HTStream

Fast, streaming QA/QC for High Throughput Sequencing data

Download .zip Download .tar.gz Download binary View on GitHub

Welcome to the HTStream application page.

HTStream is a quality control and processing pipeline for High Throughput Sequencing data. The difference between HTStream and other tools is that HTStream uses a tab delimited fastq format that allows for streaming from application to application.
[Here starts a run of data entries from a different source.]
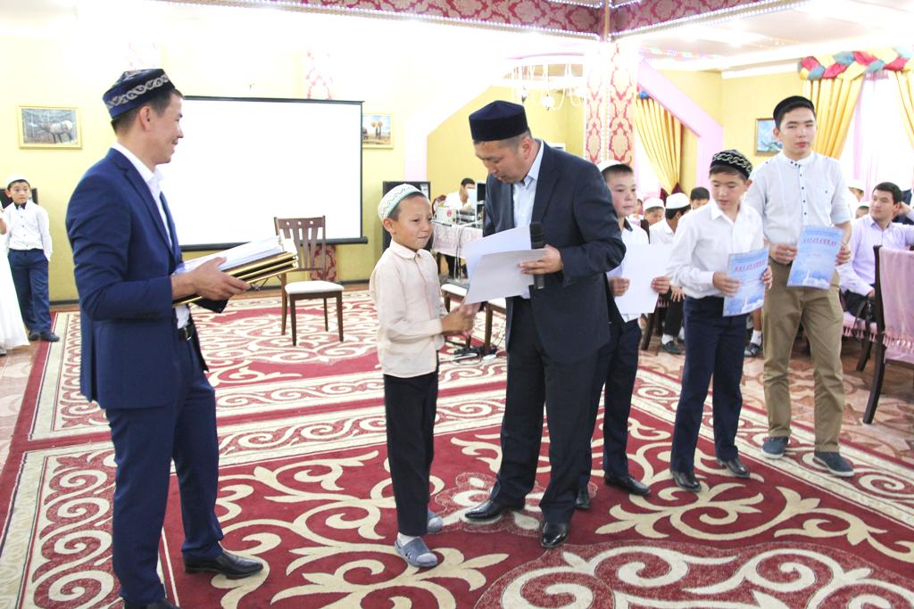 Облыс имамы С.Сейтбеков үздік деп танылған балаларға сертификат пен марапат қағаздарын тапсырды. «Ел болашағы атанар , егемен еліміздің ертеңі сендерсіңдер. Біздің Отанымызға иманды, ержүрек, ата –анасын сыйлайтын, кішіге үлгі, үлкенге қамқор болатын жастар қажет. Ендеше сіздерден зор үміт күтіп, алған білімдеріңіз елге қызмет етуге, ата –анаға жақсылық жасауға, жақсы азамат боп өсуге септігін тигізіп, ұлтымыздың иманды жастарының қатарын молайтады деп сенемін», -деді С.Сейтбеков.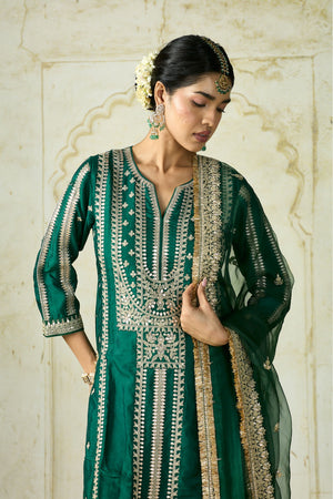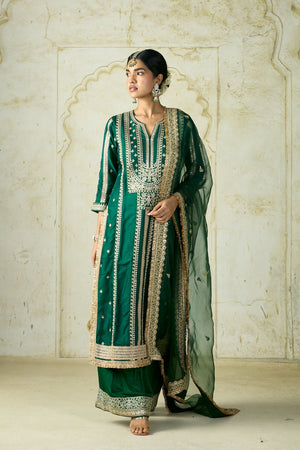 • Showcasing a straight-cut kurta embellished with intricate embroidery, delicate patterns along the neckline, front panel, and borders, exuding timeless elegance. It is paired with matching palazzo featuring heavily embroidered hems that enhance the regal appeal. The sheer dupatta, adorned with scattered motifs and an ornate embroidered border.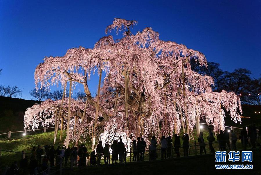 当地时间2019年4月16日,日本福岛三春町,“三春泷樱”迎来花期,盛开的樱花攀满枝头如同瀑布倾泻而下。(图片来源:视觉中国)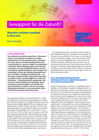 Publikation News Gute Gesellschaft – Soziale Demokratie 2017plus | Demokratie | Medien und Digitale Welt | Kultur als Brücke Gewappnet für die Zukunft? Öffentlich-rechtlicher Rundfunk in Österreich 06.01.2022 Maren Beaufort Gewappnet für die Zukunft? Beaufort, Maren Zur Publikation Das fünfte Impulspapier aus der Reihe zum Stand des ÖRR in Europa analysiert den aktuell guten Stand des öffentlich-rechtlichen Rundfunks in Österreich sowie die Herausforderungen und notwendigen Anpassungen, um diesen zu schützen. Bild: Urheber: dpa picture alliance / Zoonar / fabio lotti Bild: Urheber: privat Der öffentlich-rechtliche Rundfunk (ÖRR) in Österreich wird im europäischen Vergleich mit hohen Reichweiten und Vertrauenswerten verbunden. Um seine starke und demokratiepolitisch relevante Position zu wahren, bedarf es verbesserter rechtlicher Rahmenbedingungen und unternehmerischen wie journalistischen Mutes, sich den veränderten gesellschaftlichen Erwartungen und neuartigen Formen des Mediennutzungsverhaltens zu stellen. Strategisch bedeutet das − neben einer modernisierten Organisationsstruktur − mehrdimensional umgesetzte Vielfalt, die unterschiedliche Vorstellungen demokratischen Zusammenlebens als oberste Programmrichtlinie versteht, und ein neuartiges, kooperatives Denken in transnationalen, plattformisierten Kommunikationsräumen. Den großen Herausforderungen für den ÖRR in Österreich kann also begegnet werden, so beschreibt es die Autorin Dr. Maren Beaufort. Dazu benennt sie in ihren Empfehlungen u.a. die Befähigung zur demokratischen Teilhabe, indem der ÖRR bereits vorhandene Bereitschaft der Bürger_innen aktiviert, sie dann aber auch z.B. durch Foren für Interaktion und Engagement ermöglicht. Ein erweiterter Journalismus wird dafür benötigt, ebenso wie die enge Kooperation mit anderen Medien, gemeinnützigen Organisationen und den Bürger_innen. Die Publikation „Gewappnet für die Zukunft? Öffentlich-rechtlicher Rundfunk in Österreich“ ist die fünfte in unserer Reihe zum Stand des ÖRR in Europa. Wir empfehlen zudem unser Blogprojekt auf Social Europe Towards a European digital public sphere Entwicklung des öffentlich-rechtlichen Rundfunks in Österreich Bild: Urheber: tigerworx lizensiert unter FES CC BY 4.0 Ansprechperson: FES Medienpolitik, Katrin D. Dapp Katrin.Dapp(at)fes.de Bild: Urheber: Nicolas Lladino Silva, unsplash Montag, 21.12.2020 Publikation Medien und Netzpolitik Medien und Digitale Welt Verlorene Ausstrahlung? Öffentlich-rechtlicher Rundfunk in Großbritannien In der neuen Reihe zum "Öffentlich-rechtlichen Rundfunk in Europa" ist das erste Impulspapier erschienen: Der Medienwissenschaftler Des Freedman analysiert klug die Situation der PSB in Großbritannien und macht konkrete Vorschläge für Reformen. Bild: Urheber: Vitomirov/Getty Images/iStockphoto Montag, 11.01.2021 Publikation Medien und Netzpolitik Medien und Digitale Welt Zick-Zack-Kurs. Öffentlich-rechtlicher Rundfunk in Dänemark Mit "Zick-Zack-Kurs. Öffentlich-rechtlicher Rundfunk in Dänemark" von David Nicolas Hopmann ist das zweite Impulspapier der Reihe zum öffentlich-rechtlichen Rundfunk in Europa erschienen. Bild: Urheber: dpa pa CTK Kamaryt Michal Dienstag, 09.02.2021 Publikation Medien und Netzpolitik Medien und Digitale Welt Unersetzlich und umkämpft. Öffentlich-rechtlicher Rundfunk in der Tschechischen Republik In der Reihe zum Stand des öffentlich-rechtlichen Rundfunks in Europa ist das dritte Impulspapier erschienen.

This streaming creates some awesome efficiencies when processing HTS data and makes it fully interoperable with other standard Linux tools.

Benefits Include:

No intermediate files (reduces storage footprint)
Reduce I/O (files are only read in and written out once)
Handles both single end and paired end reads at the same time
Processes can work at the same time allowing for process parallelization
Built on top of mature C++ Boost libraries to reduce bugs and memory leaks
Designed following the philosophy of Program Design in the UNIX Environment
Works with native Unix/Linux applications such as grep/sed/awk etc

Important Links

Bug reports and suggested features GitHub Issues

Installing HTStream
hts_AdapterTrimmer
hts_CutTrim
hts_Overlapper
hts_QWindowTrim
hts_Stats
hts_NTrimmer
hts_PolyATTrim
hts_SeqScreener
hts_SuperDeduper
hts_Primers
ExamplePipelines
ParsingJSON

Installation HTStream

Options for installing HTStream include the following:

1) Download and unpack the binary:

The easist and most straight forward option if you are using a Linux system is just to download the compiled binary.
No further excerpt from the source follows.